As I attempt to be a “good learner” of sewing, I frequently find myself facing directional decisions. Which way to go, what advice do I take on board, who is an “authoritative figure” in this instance and who is here for themselves.
For me, this has raised many questions regarding how networks are made and how does information flow.
It is usually beneficial to be connected to those who have a good view of what is going on. Information and knowledge is often shared [intentionally or unintentionally] with trusted others, close by. Information leaks and flows, but never too far. Board members who are connected to other highly-aware Board members, have a higher probability of finding out more — but the range is limited.
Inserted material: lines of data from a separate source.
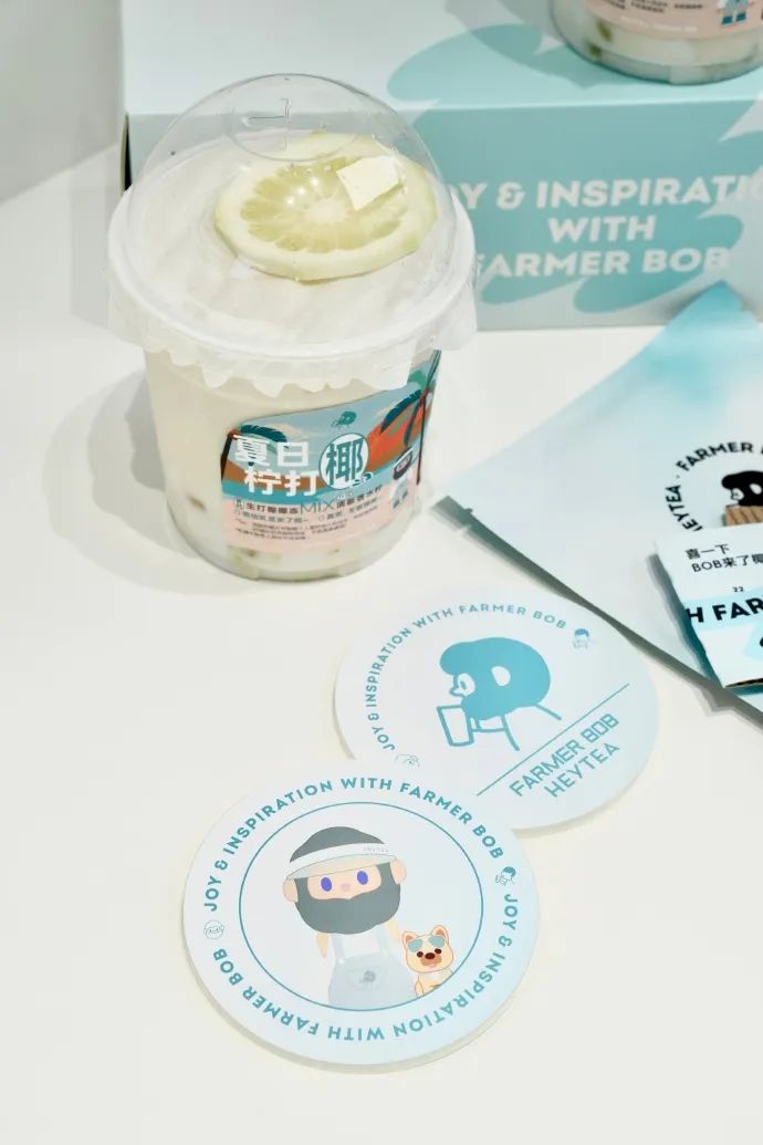 喜茶与知名潮玩品牌寻找独角兽(FINDING UNICORN)旗下FARMER BOB,联名推出了限定新品“夏日柠打椰”。
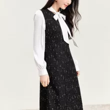 This dress is the perfect addition to your wardrobe for any season. Its tweed material provides warmth during autumn and winter while remaining breathable for indoor settings. Whether you’re heading to a corporate event, an elegant dinner, or a special occasion, this dress ensures you stand out in style.
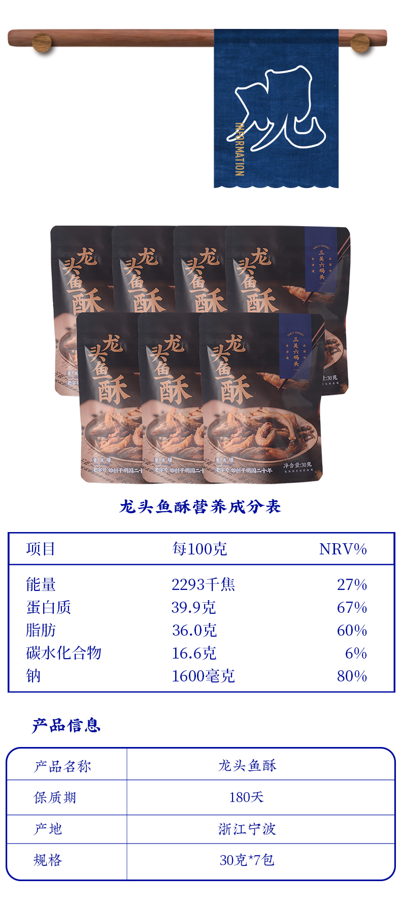 【三关六码头】香酥龙头鱼酥30g*7包 老宁波特产豆腐鱼干即食海味零食网红小吃 顺丰发货
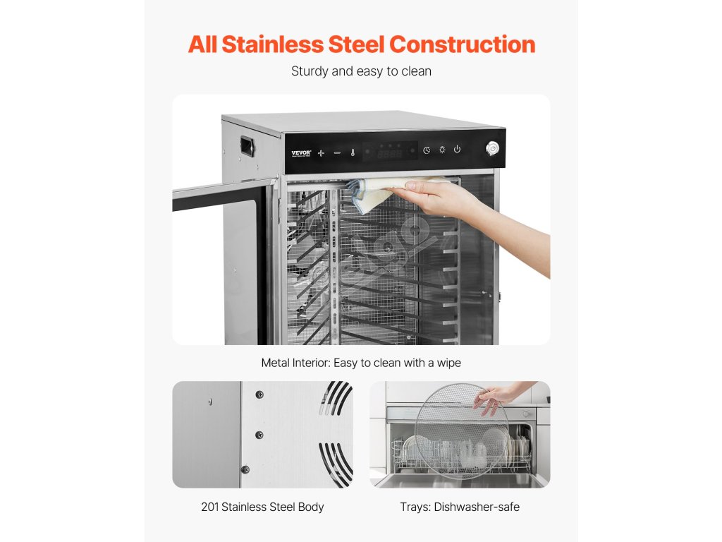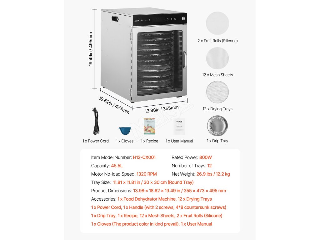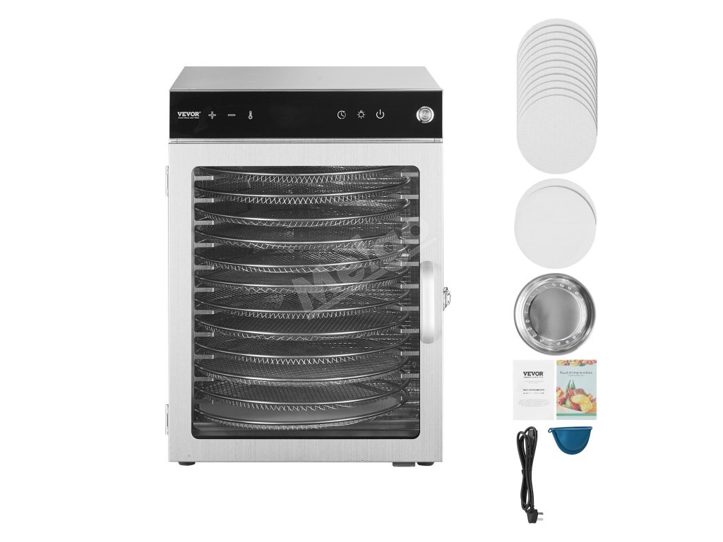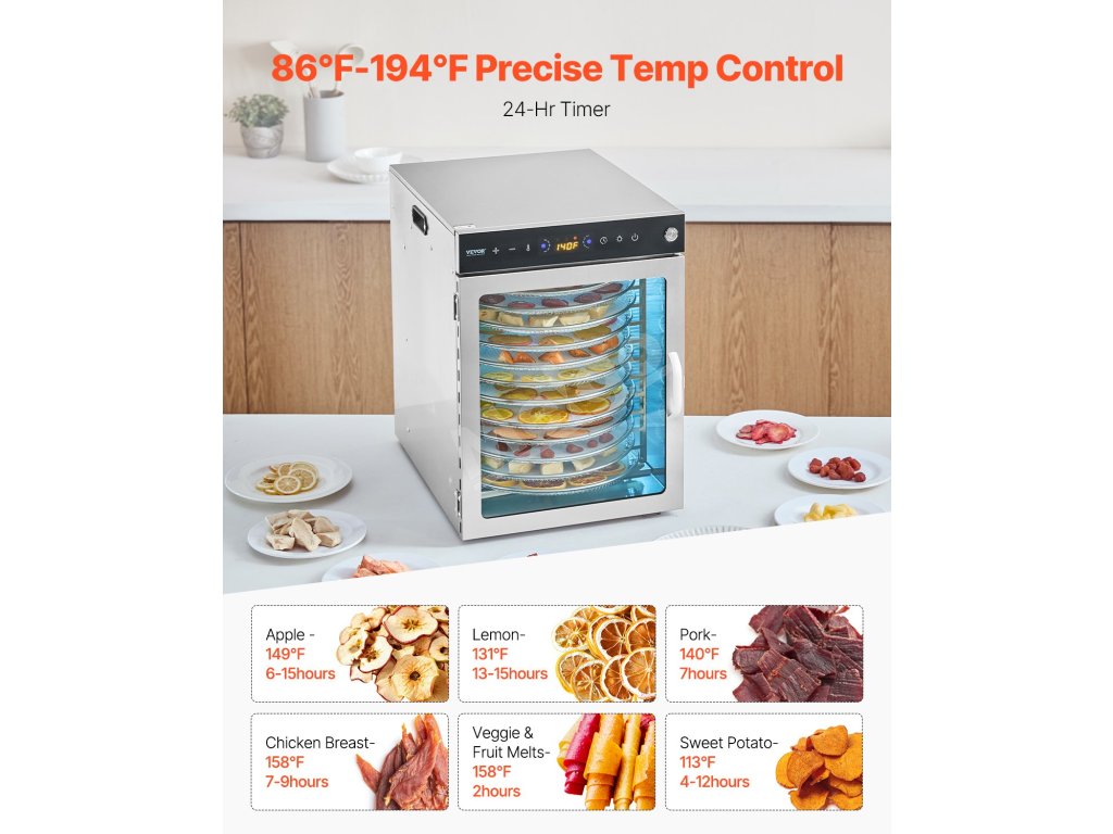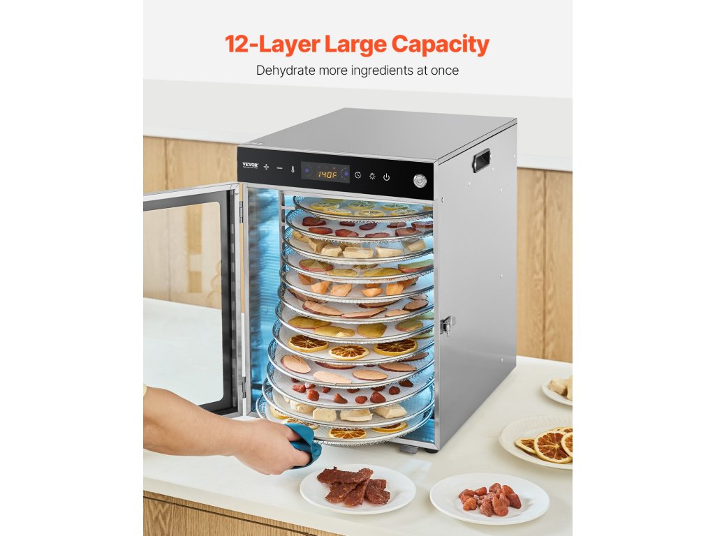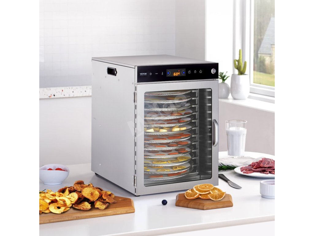 Vďaka kapacite 12 vrstiev je tento veľký sušič stroj ideálny na sušenie rôznych surovín vrátane ovocia, zeleniny, sušeného mäsa, byliniek, morských plodov, obilnín a ďalších. Dodáva sa aj s receptom, čo vám umožní ľahko pripraviť rôzne zdravé, domáce sušené potraviny.
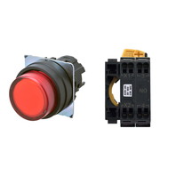 押ボタンスイッチ(φ22), 照光, 樹脂ベゼル, 突出形, オルタネイト, ボタンの色: 赤, IP66, プッシュインPlus端子台, 接点構成: NO/点灯ユニット/-, LEDランプ色: 赤, LEDランプ電圧: AC100/110/120V
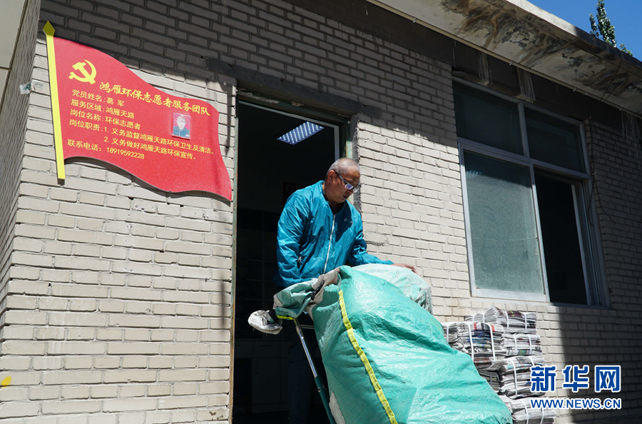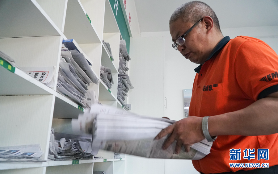 6月29日,中國(guó)郵政集團(tuán)有限公司格爾木市分公司的郵件分揀大院里,葛軍在整理報(bào)紙。新華社記者 耿輝凰 攝
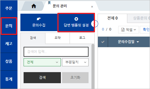 - 경로: 문의 관리> 좌측 상단의 [답변 템플릿 설정] 메뉴 클릭
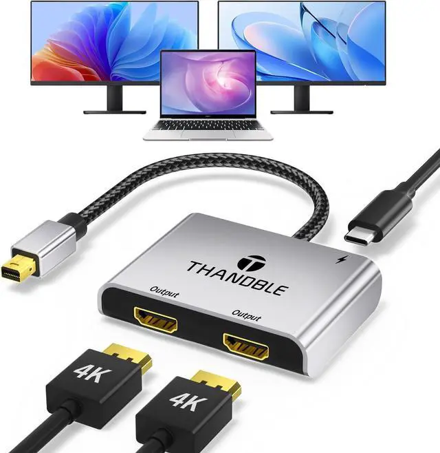 Dual 4K@60Hz UHD OutputMini Displayport to Dual HDMI Splitter supports simultaneous 4K@60Hz ultra-high-definition output via either single or dual ports while seamlessly supporting resolutions like 2560×1440@120Hz and 1920×1080@120Hz. Equipped with HDR high dynamic range display technology it delivers rich colors and detailed contrast in video playback. Whether for professional creation high-definition media or large-scale gaming it ensures smooth and immersive performanceWide CompatibilityThis Mini DisplayPort to Dual HDMI adapter works seamlessly with computers graphics cards and monitors featuring Mini DisplayPort or Thunderbolt 2 ports. Designed for classic models it perfectly supports devices like MacBook Pro/Air (pre-2018) iMac (pre-2017) and Surface Pro 3/4/Book.
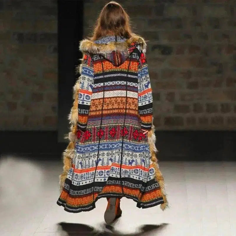 Echter Leopardenfellkragen bedruckt Langarm Damen Lang

In his article, Siemens (2011) goes on further to state that these networks have always existed, but now through social networking sites, these networks are very explicit. He looked at ways to qualitatively analyse the how and why information flows through networks. He suggests looking at the individual and the context for which they are posting as to why someone is more likely to be followed. But most importantly, he suggests that it is the message the individual is conveying.
Siemens indicates that relevance and resonance are important factors for knowledge flow.
As a learner of sewing, engaging with various networks of people, I differentiate ‘good advice’ from ‘bad advice’ by how many followers someone has, the scope of their comments, the context the individual finds them-self in, and more importantly, if what they say resonates with my current knowledge and experience and the experience of others in the network.